*** Data for processing Section Begins ***
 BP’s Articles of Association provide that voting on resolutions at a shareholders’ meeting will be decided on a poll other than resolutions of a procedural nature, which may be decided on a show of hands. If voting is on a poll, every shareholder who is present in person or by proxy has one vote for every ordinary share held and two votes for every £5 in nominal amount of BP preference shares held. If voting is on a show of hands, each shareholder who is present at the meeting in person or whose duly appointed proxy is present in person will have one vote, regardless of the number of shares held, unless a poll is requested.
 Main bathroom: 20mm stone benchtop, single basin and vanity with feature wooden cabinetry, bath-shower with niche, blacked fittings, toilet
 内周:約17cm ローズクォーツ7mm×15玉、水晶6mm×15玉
*** Data for processing Section Ends ***
*** Data for processing Section Begins ***
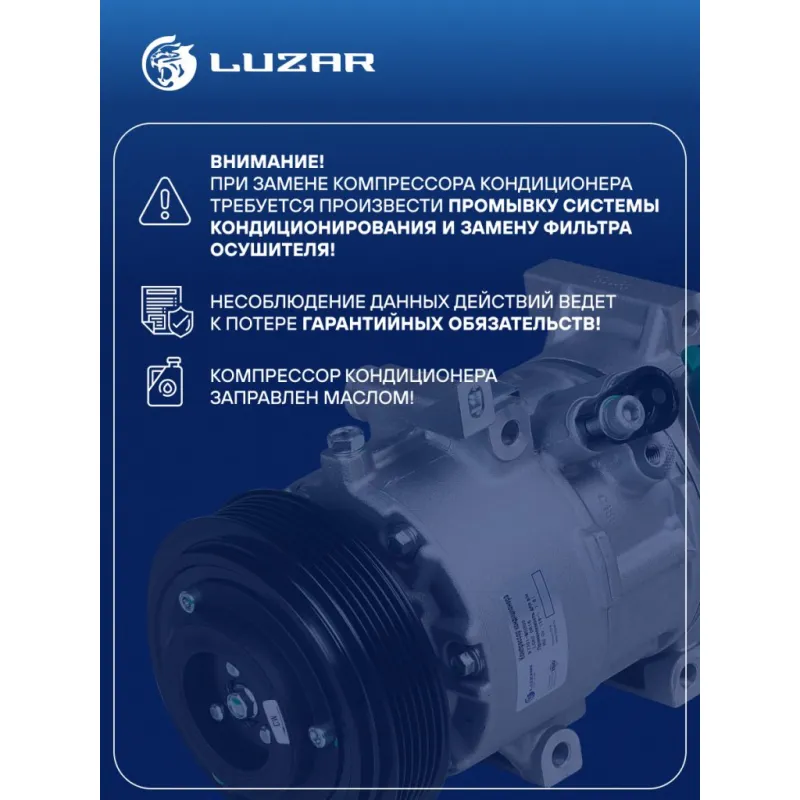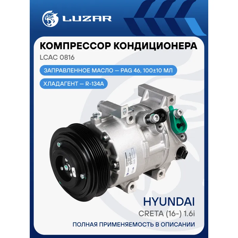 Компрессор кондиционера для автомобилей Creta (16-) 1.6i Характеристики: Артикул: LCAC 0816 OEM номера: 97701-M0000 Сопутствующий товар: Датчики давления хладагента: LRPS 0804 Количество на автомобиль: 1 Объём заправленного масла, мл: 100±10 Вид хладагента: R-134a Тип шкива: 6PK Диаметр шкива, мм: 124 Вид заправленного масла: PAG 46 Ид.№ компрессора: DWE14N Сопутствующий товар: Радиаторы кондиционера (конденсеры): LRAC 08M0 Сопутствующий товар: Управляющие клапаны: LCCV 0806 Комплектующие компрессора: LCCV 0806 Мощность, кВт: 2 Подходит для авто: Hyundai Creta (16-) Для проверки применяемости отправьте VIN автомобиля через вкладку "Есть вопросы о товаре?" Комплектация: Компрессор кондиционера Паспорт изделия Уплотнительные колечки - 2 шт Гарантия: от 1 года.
*** Data for processing Section Ends ***
When you reach the line containing "BP’s Articles of" in the data above, start copying exactly, and stop after the line containing "内周:約17cm ローズクォーツ7mm×15玉、水晶6mm×15玉".

 BP’s Articles of Association provide that voting on resolutions at a shareholders’ meeting will be decided on a poll other than resolutions of a procedural nature, which may be decided on a show of hands. If voting is on a poll, every shareholder who is present in person or by proxy has one vote for every ordinary share held and two votes for every £5 in nominal amount of BP preference shares held. If voting is on a show of hands, each shareholder who is present at the meeting in person or whose duly appointed proxy is present in person will have one vote, regardless of the number of shares held, unless a poll is requested.
 Main bathroom: 20mm stone benchtop, single basin and vanity with feature wooden cabinetry, bath-shower with niche, blacked fittings, toilet
 内周:約17cm ローズクォーツ7mm×15玉、水晶6mm×15玉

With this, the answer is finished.